Problem to solve
Your copy of the data below must be exact and must leave out all pictures.

Source data
=== Section Start ===

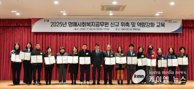 (케이엠뉴스) 김포시는 지난 26일 통·리장과 지역사회보장협의체 위원 등 지역 주민 181명을 신규 명예사회복지공무원으로 위촉했다. 이 중 대표 15명에게 위촉장을 수여했으며, 약 100명을 대상으로 역량 강화 교육도 함께 진행했다.
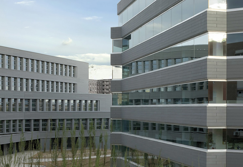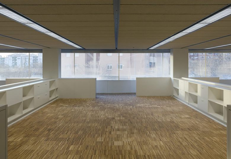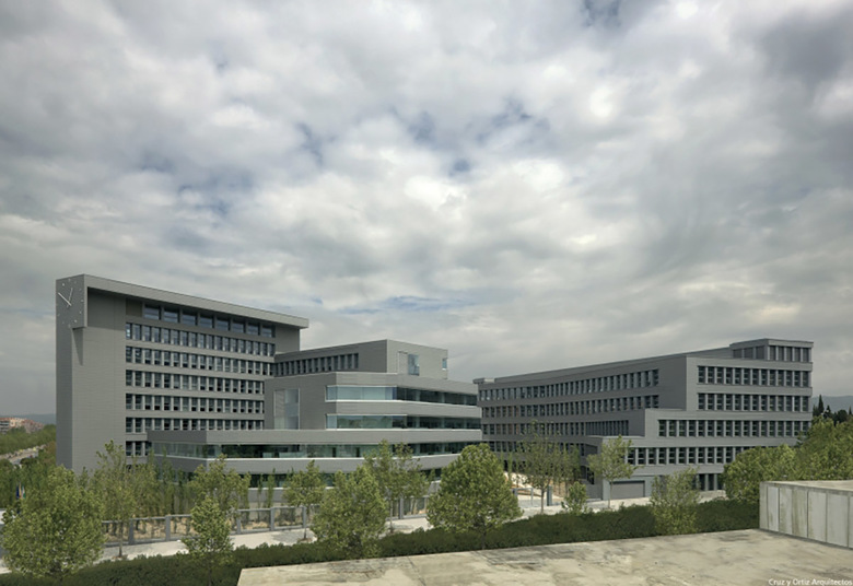 Al complejo se accede desde el sur y tras pasar controles y porches, se descubre el patio que constituye para el visitante un hallazgo inesperado. Desde el patio se alcanzan los distintos núcleos de circulación vertical. La influencia del espacio central y su valor organizativo alcanza incluso a la disposición de las oficinas en las plantas, al agrupar los despachos en torno al patio mientras las zonas externas, de geometría más irregular, vienen ocupadas por oficinas de organización abierta.
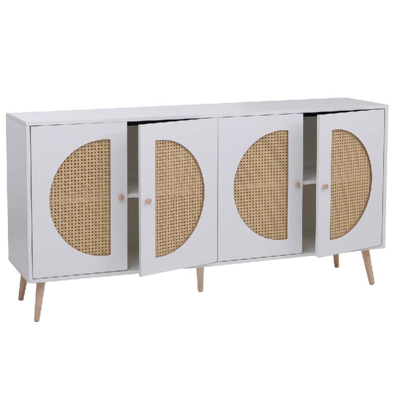 Décoshop26 - Buffet design contemporain 4 portes 4 compartiments 80x160x40 cm en MDF mélaminé blanc et poly-rotin 04_0008840 - 3000267175630

=== Section End ===

Task result
 (케이엠뉴스) 김포시는 지난 26일 통·리장과 지역사회보장협의체 위원 등 지역 주민 181명을 신규 명예사회복지공무원으로 위촉했다. 이 중 대표 15명에게 위촉장을 수여했으며, 약 100명을 대상으로 역량 강화 교육도 함께 진행했다.
 Al complejo se accede desde el sur y tras pasar controles y porches, se descubre el patio que constituye para el visitante un hallazgo inesperado. Desde el patio se alcanzan los distintos núcleos de circulación vertical. La influencia del espacio central y su valor organizativo alcanza incluso a la disposición de las oficinas en las plantas, al agrupar los despachos en torno al patio mientras las zonas externas, de geometría más irregular, vienen ocupadas por oficinas de organización abierta.
 Décoshop26 - Buffet design contemporain 4 portes 4 compartiments 80x160x40 cm en MDF mélaminé blanc et poly-rotin 04_0008840 - 3000267175630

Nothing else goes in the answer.